At the Altar of the Bottom Line: The Degradation of Work in the 21st Century, by Tom Juravich, professor of labor studies at the University of Massachusetts, Amherst, follows a long line of sociological research and involvement in the labor movement. His approach combines historical and sociological analysis as contexts exemplified by intimate interviews dissecting contemporary working conditions encountered by workers in North America. An unusual aspect of his interest in the plight of modern-day workers is that of a songwriter and singer. Juravich was a founding member of Local 1000 of the American Federation of Musicians. Included with this book is a CD that contains excerpts of interviews Juravich recorded, as well as four original songs he wrote and performed.

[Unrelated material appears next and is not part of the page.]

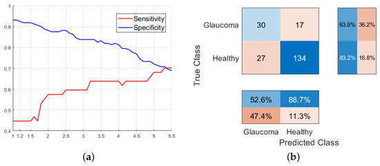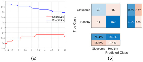 (a) Evolution of the sensitivity and specificity of the SVM model generated using all the metrics extracted from retinographies as a function of . (b) Confusion matrix of the SVM model using all the features from retinographies with .
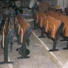 座椅/靠背/写字板:座椅靠背采用多层热压胶合贴木皮喷漆面(或可改用耐火板耐磨面),写字板采用防潮芯E1级刨花板贴三聚氰胺耐火饰面板贴面PVC封边处理;

Based on extensive interviews with eighty-five workers carried out over six years in four different industries, Juravich, a sociologist, combines oral history with his social and historic interpretation of today's American workplace. Its four chapters focus on four different types of workplaces to uncover specific conditions that underlie a common corporate cultural disposition toward its workers that increasingly permeates companies in the U.S. The book includes two auxiliary sections, "Conclusion" and "Appendix: On Workplace Ethnography," and concludes with one-and-a-half pages of notes, an extensive list of references [End Page 281] that runs for sixteen pages, and twelve pages of interviewee photographs by Paul Shoul.

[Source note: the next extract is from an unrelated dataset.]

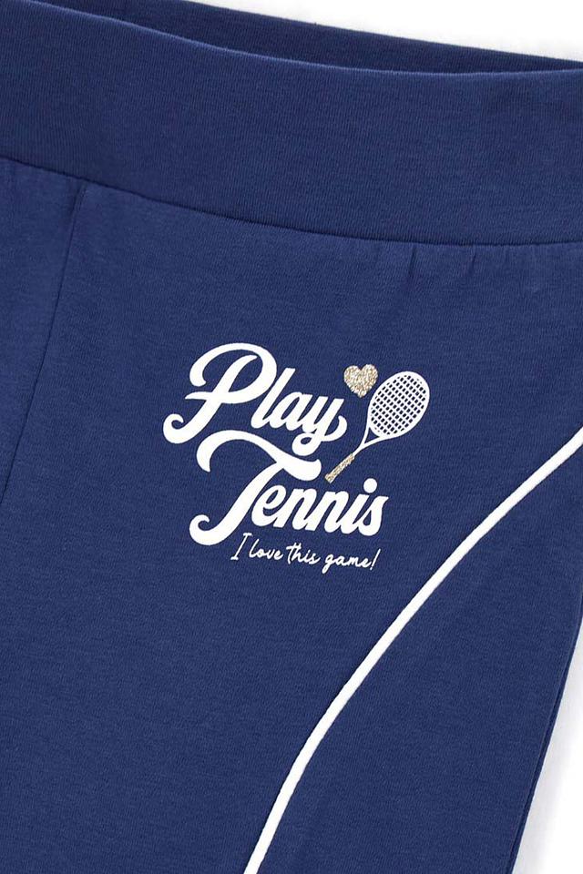 Дизайн леггинс выполнен в насыщенном синем цвете, который дополнен контрастными белыми полосами по бокам. На поясе расположен яркий принт с надписью “Play Tennis” и изображением теннисной ракетки, что придает образу игривость и спортивный стиль.

In the first chapter, on customer service, Juravich deconstructs the Verizon model in Andover, Massachusetts, to show how the call center industry as a whole follows the same model, where reps are overwhelmed by the required pace of work and job stress. The second chapter's focus on exploitation, Juravich's descriptions of work in New Bedford fish houses are reminiscent of Upton Sinclair's The Jungle. In New Bedford, undocumented Mayan Guatemalans face political and economic pressures as they try to maintain their jobs in the fish-processing industry. In the hypocrisy of our time, they face inhumane anti-immigrant abuses exemplified by brutal immigration raids by U.S. agents. Chapter 3 examines work exhaustion. Boston Medical Center is a hospital where consolidation has brought the altar of the bottom line to fundamentally alter patient care delivery while more profitable elective surgery takes place nonstop. The final chapter details how the Jones Beloit plant in Dalton, Massachusetts, closed without warning on August 20, 1998. Three hundred workers were abruptly told to leave, completely abandoned after years of employment. As in the other chapters, Juravich does a masterful job setting the historical stage and takes us step-by-step through the industrial philosophies of the day that eventually led to the closing.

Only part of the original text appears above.